Earlier in John 6, Jesus had a very simple message for his disciples: “This is the work of God, that you believe in him whom he has sent.’” (Jn 6:29). Today, as we come to the end of John 6, we are reminded that we don’t have to figure out the mystery, nor are we called to mindlessly believe. The message is simply this: Jesus is who he says he is, he and the Father are one, and if we can get as close to us as we can, if we can live in and with him (the meaning of abide, as I understand it) then all will be well, and we will have that spiritual armour that we need to get through life.

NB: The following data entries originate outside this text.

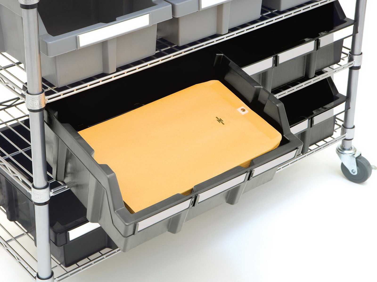 Get organized with this Multi-purpose, 22-bin rack with wheels - the best commercial bin rack system. The polypropylene bins slide out easily and lock into place for quick and efficient storing. This storage solution helps organize all your small things and keep them out of the junk drawer. It's ideal for retail, garages, restaurants, schools and offices.
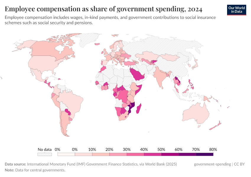 The next chart shows the share of central government expenditure that goes to the compensation of government employees. Compensation of employees includes all salaries and benefits (both in cash and in-kind).
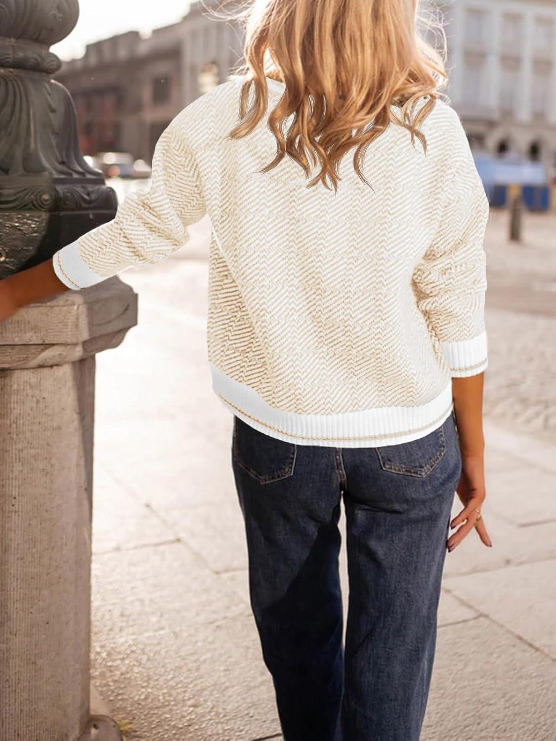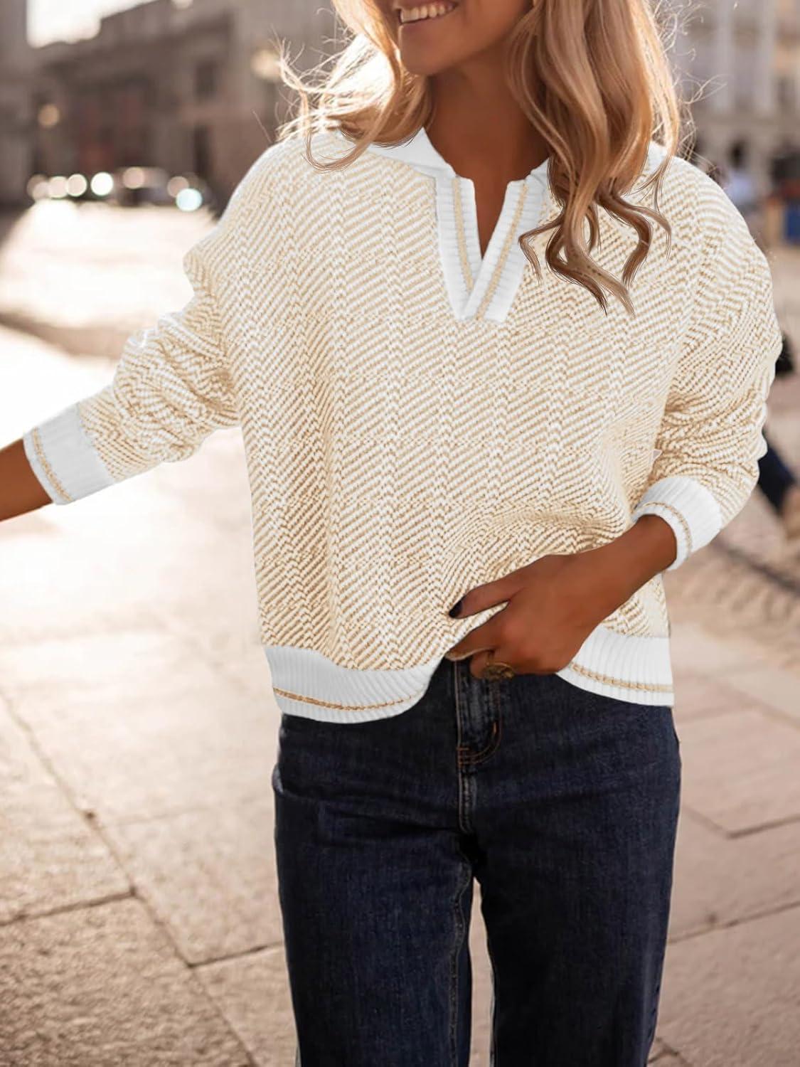 Saodimallsu Womens Fall Sweaters Tops Lapel V Neck Knit Sweater Color Block Long Sleeve Casual Soft Pullover Shirt(Apricot)

When I was on the prairie, my padre host saw that I didn’t have my armour and he said “Right. Well, we’ll see if we can get you sorted.” He got me fixed up so I could be with the exercise. For me, this little exchange helps me understand what happens when we say to Jesus “Lord, where else can we go? You have what we need” Jesus looks at us, sees what we need, and says “Right, I’ll get you sorted”. And then, as Paul says, we have the armour we need to get through life.
Lord, you have the words of eternal life. Only you can kit us out so we can get through all the things that threaten us in this life. Please give us what we need so we can live as your people in this world, and share your mystery with others who need to hear the words of life. Amen.